**Problem to solve**
Find the line below with "Muzeul Național Peleș" and the line with "利勃防爆空调1.5匹壁挂式自". Output them and the lines between, exactly, but not the pictures.

[Extracted records]
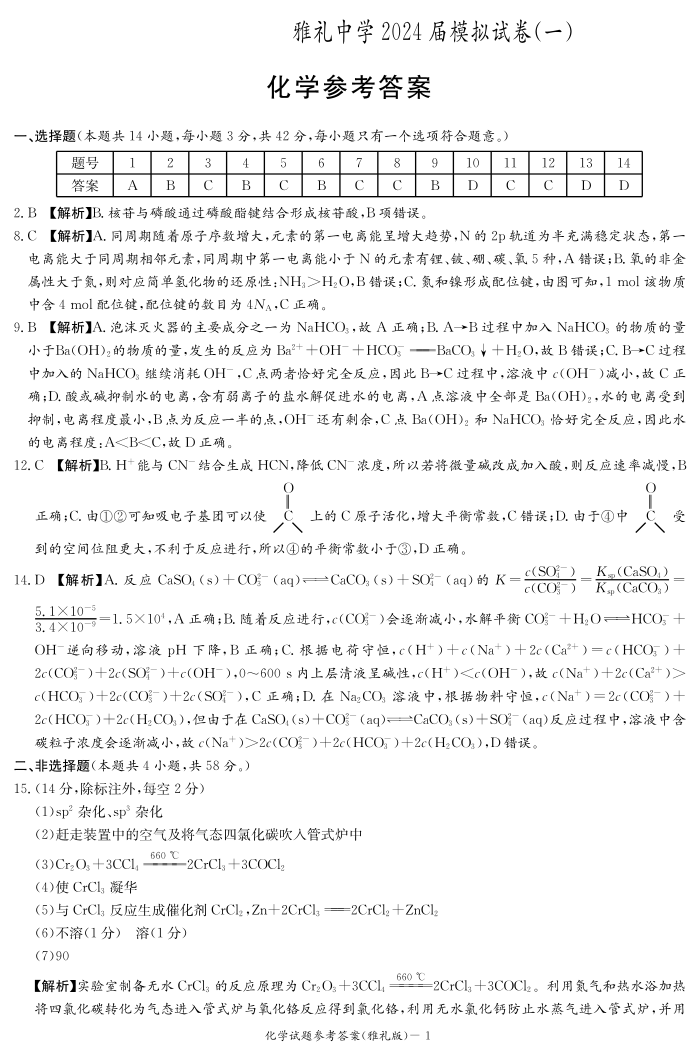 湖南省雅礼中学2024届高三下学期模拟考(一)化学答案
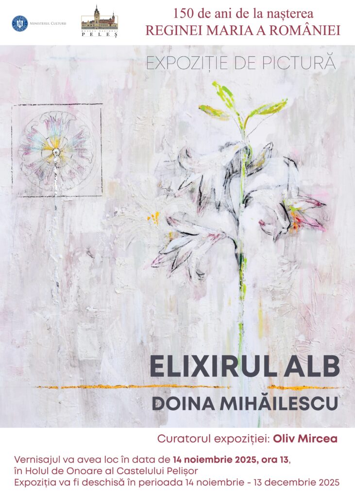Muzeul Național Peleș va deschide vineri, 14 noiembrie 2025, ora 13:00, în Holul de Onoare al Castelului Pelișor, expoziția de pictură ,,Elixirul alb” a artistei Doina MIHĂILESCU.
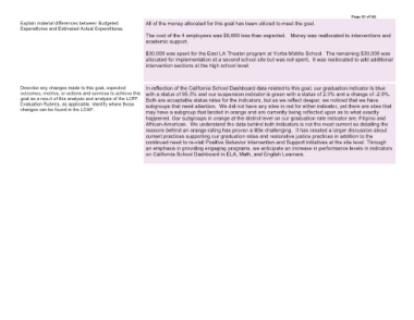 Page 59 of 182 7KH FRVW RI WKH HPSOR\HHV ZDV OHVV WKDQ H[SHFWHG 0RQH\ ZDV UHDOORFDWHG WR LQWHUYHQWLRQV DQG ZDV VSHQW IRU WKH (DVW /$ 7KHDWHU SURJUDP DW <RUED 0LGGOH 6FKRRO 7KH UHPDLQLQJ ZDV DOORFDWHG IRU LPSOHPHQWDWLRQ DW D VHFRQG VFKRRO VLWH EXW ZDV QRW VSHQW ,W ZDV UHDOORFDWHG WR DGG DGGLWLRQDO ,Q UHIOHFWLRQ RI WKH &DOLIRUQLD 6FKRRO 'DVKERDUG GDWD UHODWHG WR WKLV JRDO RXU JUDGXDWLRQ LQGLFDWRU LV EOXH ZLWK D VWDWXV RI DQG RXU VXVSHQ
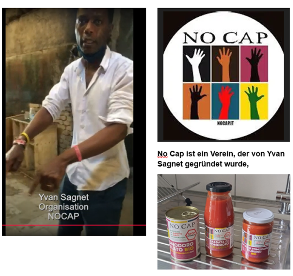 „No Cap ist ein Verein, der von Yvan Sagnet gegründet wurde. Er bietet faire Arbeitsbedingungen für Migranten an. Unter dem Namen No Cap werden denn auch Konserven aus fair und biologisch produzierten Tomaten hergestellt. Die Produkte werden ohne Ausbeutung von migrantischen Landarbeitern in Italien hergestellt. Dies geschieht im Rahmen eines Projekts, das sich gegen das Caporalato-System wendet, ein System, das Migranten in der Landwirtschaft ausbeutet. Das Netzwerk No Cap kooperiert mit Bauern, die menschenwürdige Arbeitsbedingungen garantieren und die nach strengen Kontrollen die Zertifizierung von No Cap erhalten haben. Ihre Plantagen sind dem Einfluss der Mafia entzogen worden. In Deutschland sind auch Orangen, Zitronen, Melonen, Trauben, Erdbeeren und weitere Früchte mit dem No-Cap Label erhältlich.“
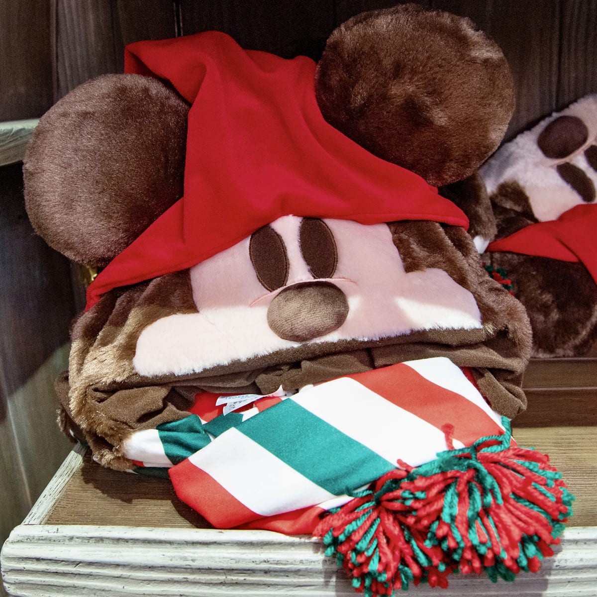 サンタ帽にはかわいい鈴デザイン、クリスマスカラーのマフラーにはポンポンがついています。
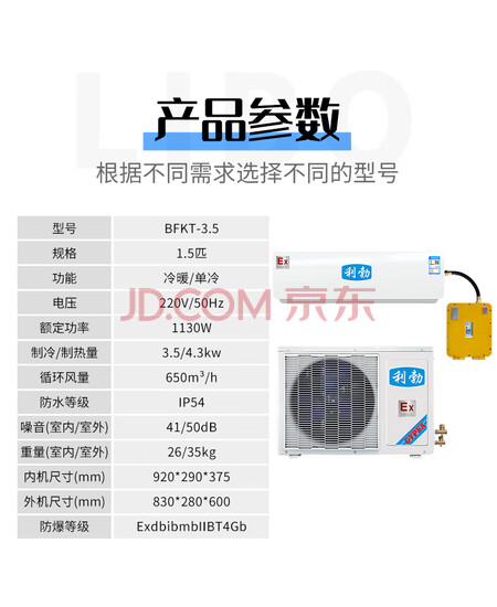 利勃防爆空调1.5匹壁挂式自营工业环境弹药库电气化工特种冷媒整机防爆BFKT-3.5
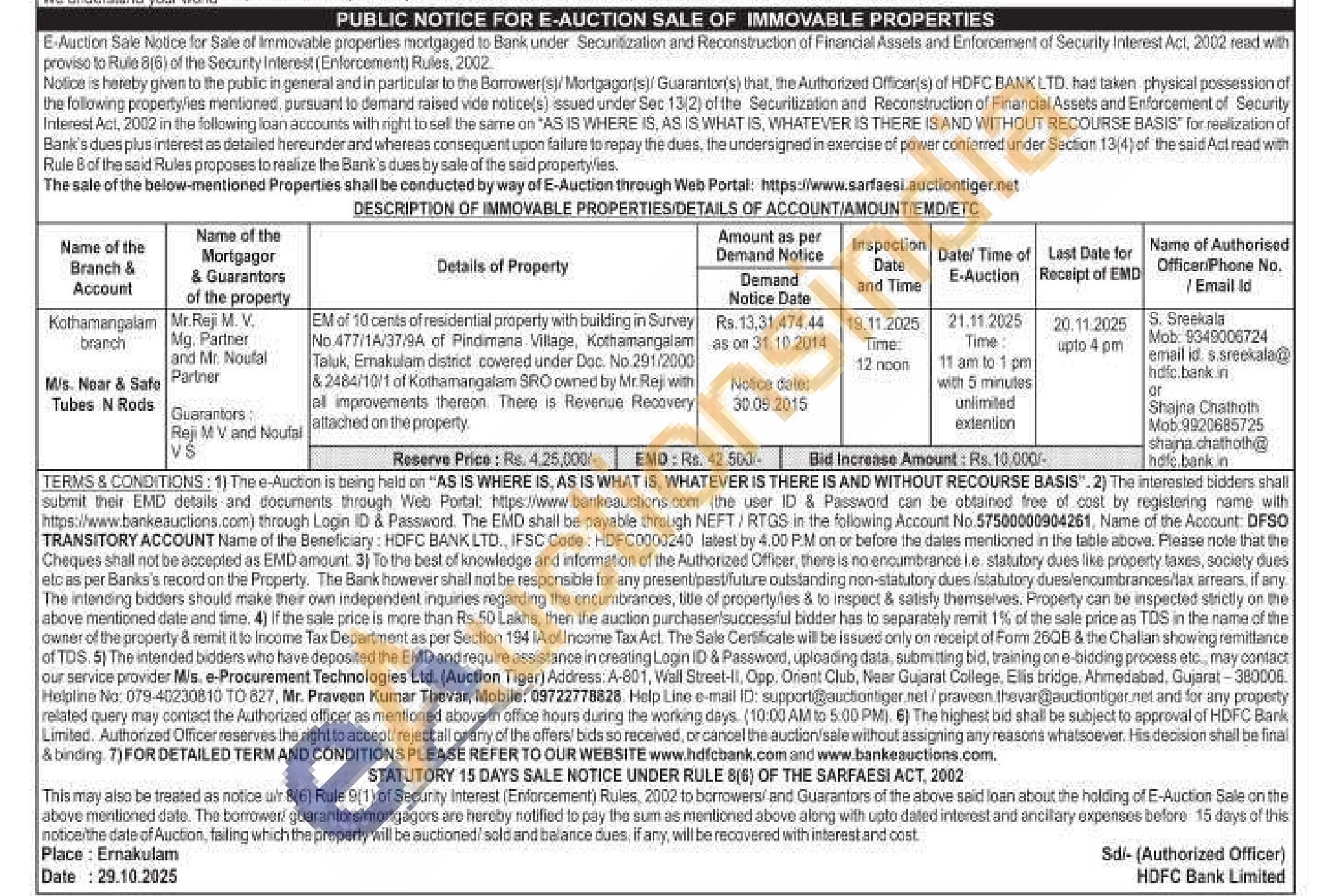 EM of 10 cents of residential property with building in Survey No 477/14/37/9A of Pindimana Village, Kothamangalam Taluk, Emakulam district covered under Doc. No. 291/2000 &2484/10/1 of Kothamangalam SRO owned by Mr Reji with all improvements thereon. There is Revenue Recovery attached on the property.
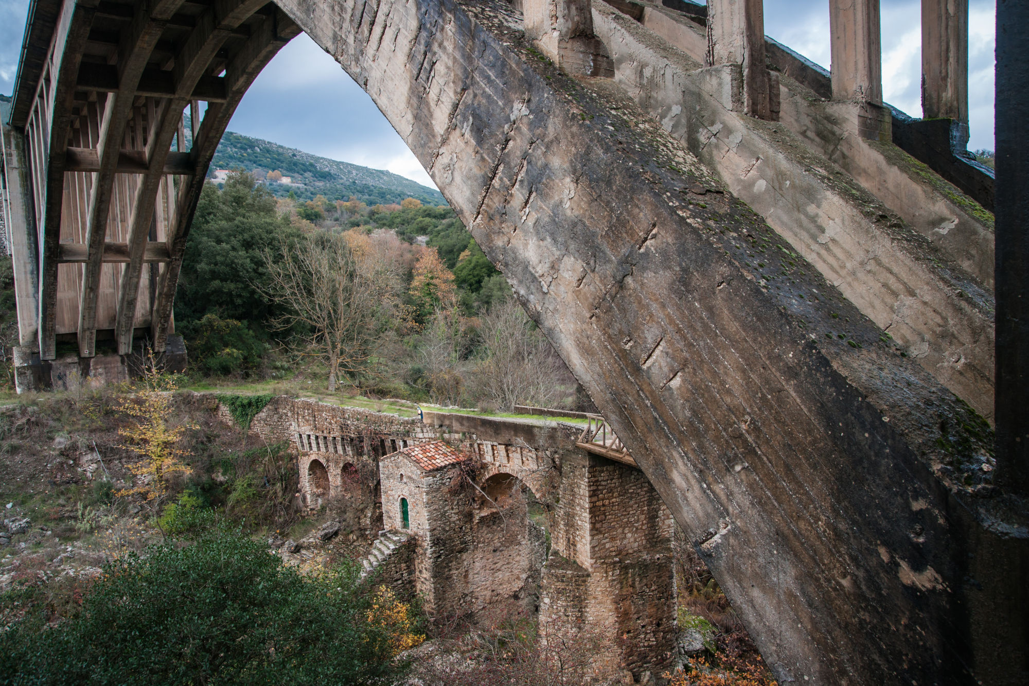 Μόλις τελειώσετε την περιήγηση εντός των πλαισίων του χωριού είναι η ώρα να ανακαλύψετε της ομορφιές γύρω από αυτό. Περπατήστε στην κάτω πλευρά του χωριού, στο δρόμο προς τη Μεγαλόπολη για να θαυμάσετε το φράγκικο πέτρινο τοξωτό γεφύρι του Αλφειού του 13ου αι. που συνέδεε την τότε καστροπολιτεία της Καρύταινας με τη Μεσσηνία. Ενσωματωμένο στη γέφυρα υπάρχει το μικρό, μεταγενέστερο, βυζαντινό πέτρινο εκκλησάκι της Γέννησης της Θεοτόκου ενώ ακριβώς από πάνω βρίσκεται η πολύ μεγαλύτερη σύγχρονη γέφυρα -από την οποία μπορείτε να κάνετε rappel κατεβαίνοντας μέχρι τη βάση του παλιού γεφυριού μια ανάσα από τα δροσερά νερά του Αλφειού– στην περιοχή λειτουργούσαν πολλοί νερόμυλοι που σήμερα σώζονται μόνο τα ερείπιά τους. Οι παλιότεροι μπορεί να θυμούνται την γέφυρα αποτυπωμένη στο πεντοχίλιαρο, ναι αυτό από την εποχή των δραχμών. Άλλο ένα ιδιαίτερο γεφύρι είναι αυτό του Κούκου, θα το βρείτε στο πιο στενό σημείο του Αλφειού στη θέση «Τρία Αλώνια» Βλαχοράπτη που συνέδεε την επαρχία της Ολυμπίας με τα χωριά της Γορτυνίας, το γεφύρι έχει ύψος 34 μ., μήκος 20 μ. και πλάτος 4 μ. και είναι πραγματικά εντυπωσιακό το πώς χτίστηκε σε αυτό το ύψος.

**Your response**
Muzeul Național Peleș va deschide vineri, 14 noiembrie 2025, ora 13:00, în Holul de Onoare al Castelului Pelișor, expoziția de pictură ,,Elixirul alb” a artistei Doina MIHĂILESCU.
 Page 59 of 182 7KH FRVW RI WKH HPSOR\HHV ZDV OHVV WKDQ H[SHFWHG 0RQH\ ZDV UHDOORFDWHG WR LQWHUYHQWLRQV DQG ZDV VSHQW IRU WKH (DVW /$ 7KHDWHU SURJUDP DW <RUED 0LGGOH 6FKRRO 7KH UHPDLQLQJ ZDV DOORFDWHG IRU LPSOHPHQWDWLRQ DW D VHFRQG VFKRRO VLWH EXW ZDV QRW VSHQW ,W ZDV UHDOORFDWHG WR DGG DGGLWLRQDO ,Q UHIOHFWLRQ RI WKH &DOLIRUQLD 6FKRRO 'DVKERDUG GDWD UHODWHG WR WKLV JRDO RXU JUDGXDWLRQ LQGLFDWRU LV EOXH ZLWK D VWDWXV RI DQG RXU VXVSHQ
 „No Cap ist ein Verein, der von Yvan Sagnet gegründet wurde. Er bietet faire Arbeitsbedingungen für Migranten an. Unter dem Namen No Cap werden denn auch Konserven aus fair und biologisch produzierten Tomaten hergestellt. Die Produkte werden ohne Ausbeutung von migrantischen Landarbeitern in Italien hergestellt. Dies geschieht im Rahmen eines Projekts, das sich gegen das Caporalato-System wendet, ein System, das Migranten in der Landwirtschaft ausbeutet. Das Netzwerk No Cap kooperiert mit Bauern, die menschenwürdige Arbeitsbedingungen garantieren und die nach strengen Kontrollen die Zertifizierung von No Cap erhalten haben. Ihre Plantagen sind dem Einfluss der Mafia entzogen worden. In Deutschland sind auch Orangen, Zitronen, Melonen, Trauben, Erdbeeren und weitere Früchte mit dem No-Cap Label erhältlich.“
 サンタ帽にはかわいい鈴デザイン、クリスマスカラーのマフラーにはポンポンがついています。
 利勃防爆空调1.5匹壁挂式自营工业环境弹药库电气化工特种冷媒整机防爆BFKT-3.5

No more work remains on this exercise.